Sir Michael Scholar wrote to Home Office Minister Damian Green seeking reassurances that suggestions the move was "to generate positive news coverage ahead of the release of the national statistics which showed a decline in the volume of drug seizures" were unfounded.
The publication of the figures last week was "irregular and inconsistent" with the code of practice and the Ministerial Code and should not happen again, Sir Michael said.
The UK Border Agency released figures on November 4, for publication last Monday, showing that border officials seized more cocaine and almost double the amount of heroin in the last six months than in the whole of the previous year. But just three days later, the official Home Office Statistical Bulletin showed the amount of cocaine seized by border officials in England and Wales had actually fallen by a quarter in 2010/11 compared with 2009/10, and the amount of heroin seized had halved.
In his letter to Mr Green, Sir Michael wrote: "The Statistical Bulletin makes reference to a fall in the volume of seizures of class A drugs in the most recent period.
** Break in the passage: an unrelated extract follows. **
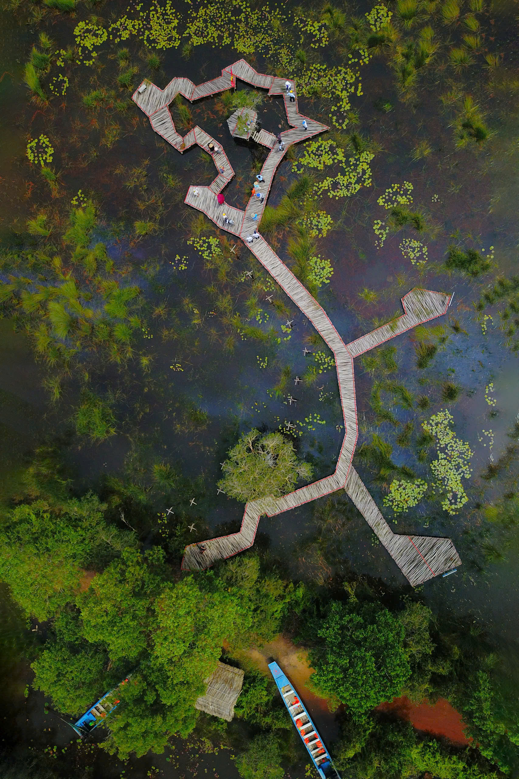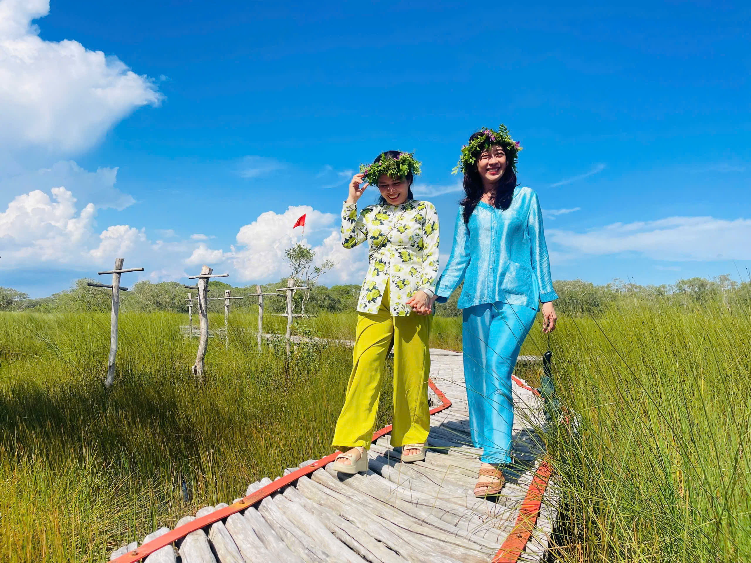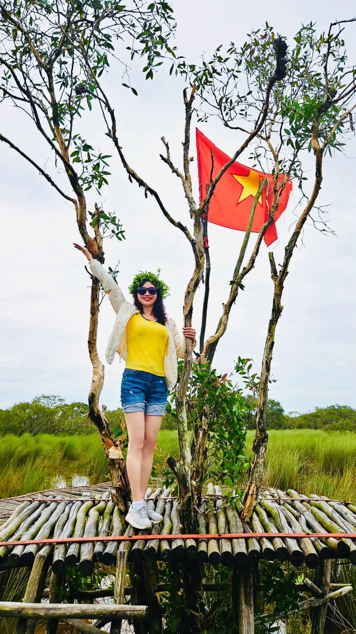 Giữa bạt ngàn cỏ bàng xanh mướt, cây cầu gỗ uốn lượn mô phỏng bản đồ Việt Nam mang đến cho bạn cảm giác như đang đặt chân qua từng vùng miền Tổ quốc. Mỗi điểm dừng trên cầu là một khung hình tuyệt đẹp để lưu lại kỷ niệm.

This contrasts with the November 4 press release, which highlights a large increase in seizures, albeit for a different time period.
"The November 4 press release, which appears not to have been published on either the Home Office or the UK Border Agency websites, and seems to have been distributed only to a select group of journalists, makes no reference to the forthcoming Statistical Bulletin.
"It was, I understand, produced without any involvement by, and without the knowledge of, the department's statisticians; and it is highly selective in its choice of statistics, in order, it seems, to show the UK Border Agency in a good light."
He went on: "It has been suggested to me that one motivation for this release was to generate positive news coverage ahead of the release of the National Statistics which showed a decline in the volume of drug seizures. I would welcome your reassurance that this is not the case. Were it to be the case, the authority's view is that this would be highly corrosive and damaging to public confidence in official statistics."
UKBA chief executive Rob Whiteman welcomed the initial figures, saying: "Our work to secure the border all day, every day continues to show significant results despite the efforts of organised crime gangs to circumvent our controls."
Mr Green said that "stopping harmful drugs like heroin and cocaine means we're helping keep communities safe and preventing criminals exploiting the UK".